I didn't laugh very much at "The Waterboy," and when I did, it was the forced kind--the sort of laughter you hear when you're in a theater watching a disaster such as "The Hot Chick," and you can practically *feel* the entire audience leaning forward in their seats, eager to laugh, *wanting* to laugh, at anything remotely funny. And when they do, it's at a joke that's not very funny at all, and you know that everyone is laughing because they need to laugh, they want to laugh, they have to laugh, and not because they are simply following the human instinct of opening mouths and emitting high-pitched repetitive guffaws.
Okay, I like Adam Sandler. Actually, I don't really like him; I just don't mind him very much. He made me smile in "Saturday Night Live" (despite his inclined nature to repeat the same roles and mannerisms in various skits) and he made me laugh in "Happy Gilmore" (perhaps the true start of his nice-misunderstood-loser roles). But he made me laugh. So there. I said it.
He didn't make me laugh in "The Waterboy," at all, and I wasn't even amused by the film. Even "Billy Madison" (which I did not recommend), at the very least, amused me. I wasn't as impressed as I was during "Happy Gilmore," but it amused me.
I am not amused by a character that seems almost intentionally unfunny, or a film that recycles all the oldest formulas and presents the "twists" to us as something fresh and new. Sandler's Bobby Boucher, a 30-something Louisiana football water boy, is quite possibly one of the most annoying characters of all time. As soon as I heard him speak, someone next to me said, "He isn't going to talk like that throughout the whole movie, is he?" I crossed my fingers, hoping it was some sort of joke, but indeed he *did* talk that way throughout the entire movie--and when everything was over, I was unmoved, unshaken, unstirred. Un-everything.
Boucher lives with his mother (Kathy Bates) in a "Deliverance"-reminiscent house in Louisiana. "Momma," as Bobby refers to her, does not want her son playin' any "foosball." So he's the team water boy. He works for free, laboring for hours and being the blunt end of many jokes delivered by the cruel jocks. The town's team, The Cougars, really stink, and when the coach (Henry Winkler in a thankless role) sees Bobby get mad at one of the football players and knock him out due to years of repressed anger, he decides to offer the aggressive kid a spot on his team. Sure enough, soon comes stardom and fame, and every time Bobby is told to knock out a QB, he simply pictures someone that makes him mad (e.g. Momma). How sad.

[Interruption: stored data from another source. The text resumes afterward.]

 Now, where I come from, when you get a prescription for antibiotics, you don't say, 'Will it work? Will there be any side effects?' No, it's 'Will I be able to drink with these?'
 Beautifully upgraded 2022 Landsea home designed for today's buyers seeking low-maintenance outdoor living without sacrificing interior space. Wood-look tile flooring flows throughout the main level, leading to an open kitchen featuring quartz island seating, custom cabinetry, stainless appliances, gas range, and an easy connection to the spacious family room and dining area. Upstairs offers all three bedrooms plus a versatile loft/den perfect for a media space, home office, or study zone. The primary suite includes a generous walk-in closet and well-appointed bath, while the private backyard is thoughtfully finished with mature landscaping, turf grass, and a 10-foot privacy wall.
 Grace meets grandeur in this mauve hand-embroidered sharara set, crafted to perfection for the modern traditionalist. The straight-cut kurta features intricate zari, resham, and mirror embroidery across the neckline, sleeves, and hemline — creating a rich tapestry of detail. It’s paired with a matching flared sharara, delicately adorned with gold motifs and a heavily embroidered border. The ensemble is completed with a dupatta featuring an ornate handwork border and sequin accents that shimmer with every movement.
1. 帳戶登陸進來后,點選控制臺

As Dr. Seuss might put it, "I did not like 'The Waterboy,' not one little bit."
People don't go to see Adam Sandler movies for clever and witty jokes. They go for a bit of cheap entertainment. Coming from a big "SNL" fan, he's simply no Steve Martin or Bill Murray, and he's not even as funny as recent-star Will Ferrell. But by now he has proven to us all that he is capable of playing the same characters, over and over and over again.
The humor is extremely infantile, even considering that this is a Sandler vehicle. After a while I just stopped trying to laugh. Kathy Bates has the best scenes of the film, as Bobby's over-protective mother, but even Bates fails to make anything gold come out of "The Waterboy." It's a sorry mess of a movie, recycling everything we've seen before, minus the laughs and heart of "Happy Gilmore" and the slight amusement of "Billy Madison."

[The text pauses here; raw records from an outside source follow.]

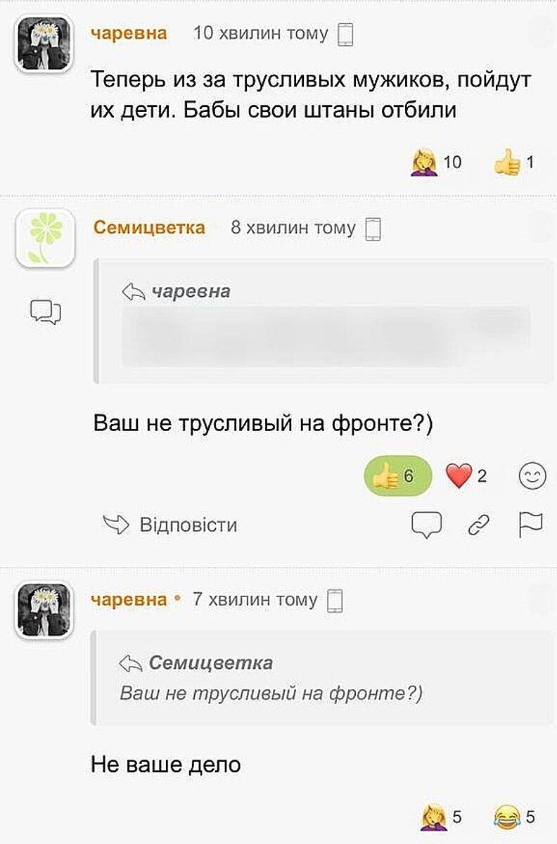 Дно попереду, ось і в цій темі жіночка волає, що все вірно тцк робить. Їй байдуже аби тільки своя дупа на дивані сиділа і голосно патріотичні вигуки в Інтернеті писати. І це серед нас ходить, з такими і ворогів не треба, свої закатують.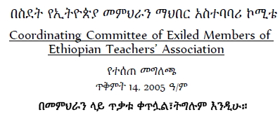 Dear Ethiopian Compatriots all over the world;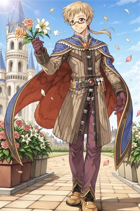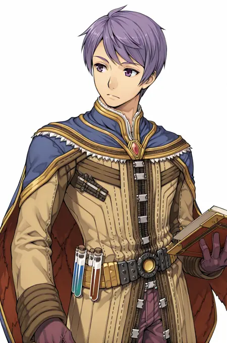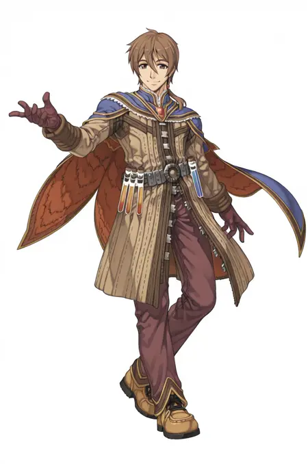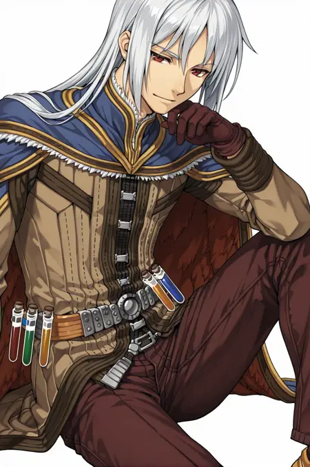 prompt: alchemyROMale, gloves, long sleeves, capelet, cape, belt, pants, jewelry, test tube, shoes,

I know that a lot of critics jump on a bandwagon when it comes to Adam Sandler's films, and they'll usually admit that they laughed when pestered enough, but they just didn't want to give his film a recommendation. Well, I saw "The Waterboy" with an open mind, as an easy-to-please film viewer, and it left me with a sour taste in my mouth. I had to wonder: How many times must Sandler ground the same formula into a recipe? This time he didn't ground it quite enough, and it's not as tasty as it should have been.